Anonymous Coward | more than 5 years ago | (#27936811)

I must agree, this seems like EU is not even in the business entirely, but they can sure make some money out of it! I would love it if Intel said "No! We won't pay, and we're withdrawing from Europe - No more Intel chips in EU" But they won't, they'll knuckle under. They also do.

From the horse's mouth (0)

brian0918 (638904) | more than 5 years ago | (#27936153)

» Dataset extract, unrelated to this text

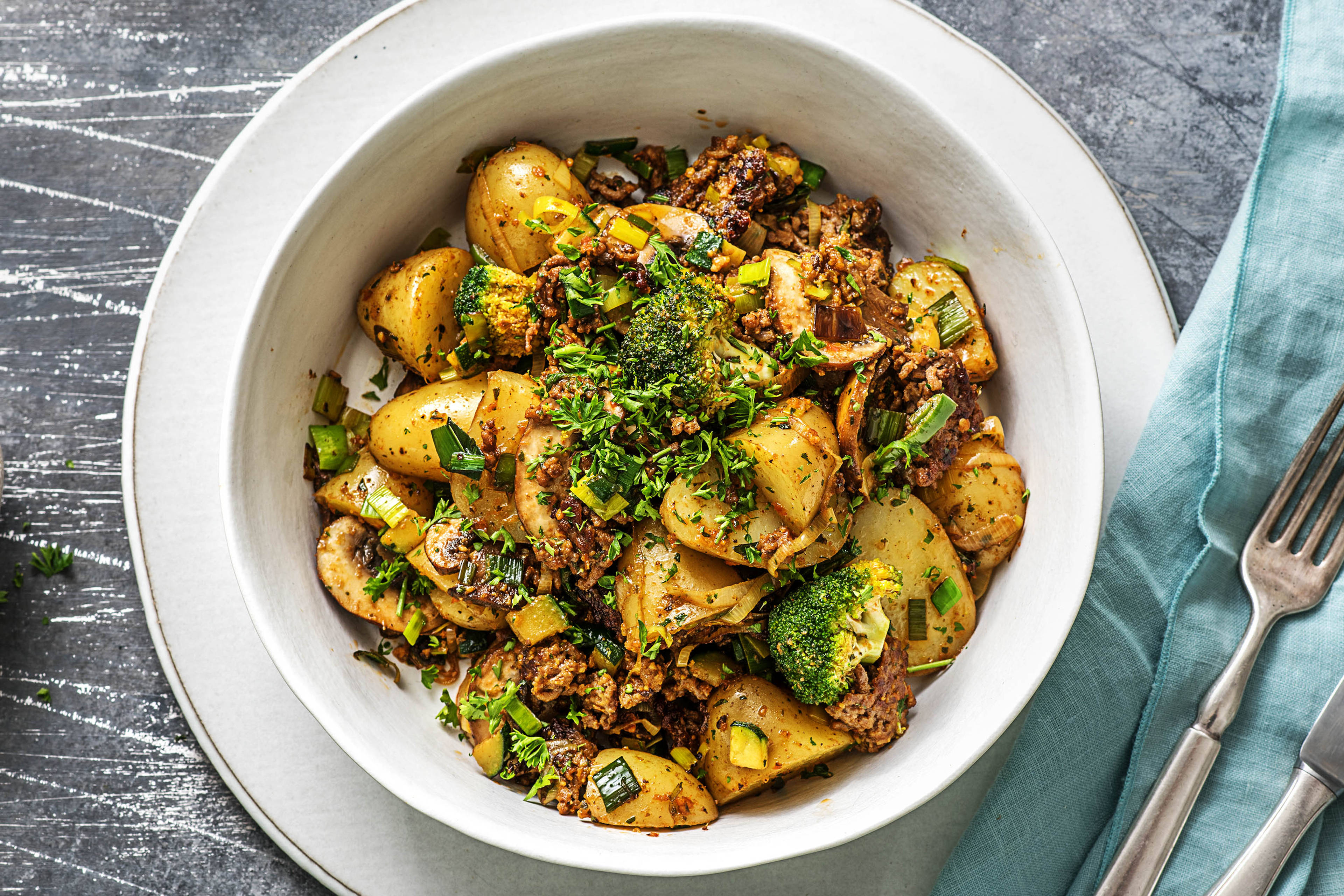 servi avec du poireau, des champignons et pommes de terre au curry terre au curie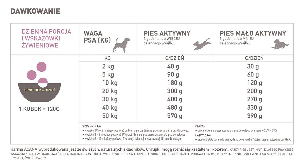 KARMA ACANA WYPRODUKOWANA JEST ZE ŚWIEŻYCH, NATURALNYCH SKŁADNIKÓW, DLATEGO CHRUPKI MOGĄ RÓŻNIĆ SIĘ KSZTAŁTEM I KOLOREM

Intel's "crime": "'Intel awarded major computer manufacturers rebates on condition that they purchased all or almost all of their supplies, at least in certain defined segments, from Intel.'

This is called "volume discounting". Office Max and Sam's Club are guilty of similar "crimes" and "anticompetitive" behavior, it seems.

Such a bullshit violation of the right to set the terms of your contract. When you sign a contract with a company offering a product or service, do you merely read the terms of the agreement, or do you also consider the consequences on your lost service to other companies? Of course you don't do the latter, but that's what the EU claims you must do.

Re:From the horse's mouth (5, Insightful)

Anonymous Coward | more than 5 years ago | (#27936201)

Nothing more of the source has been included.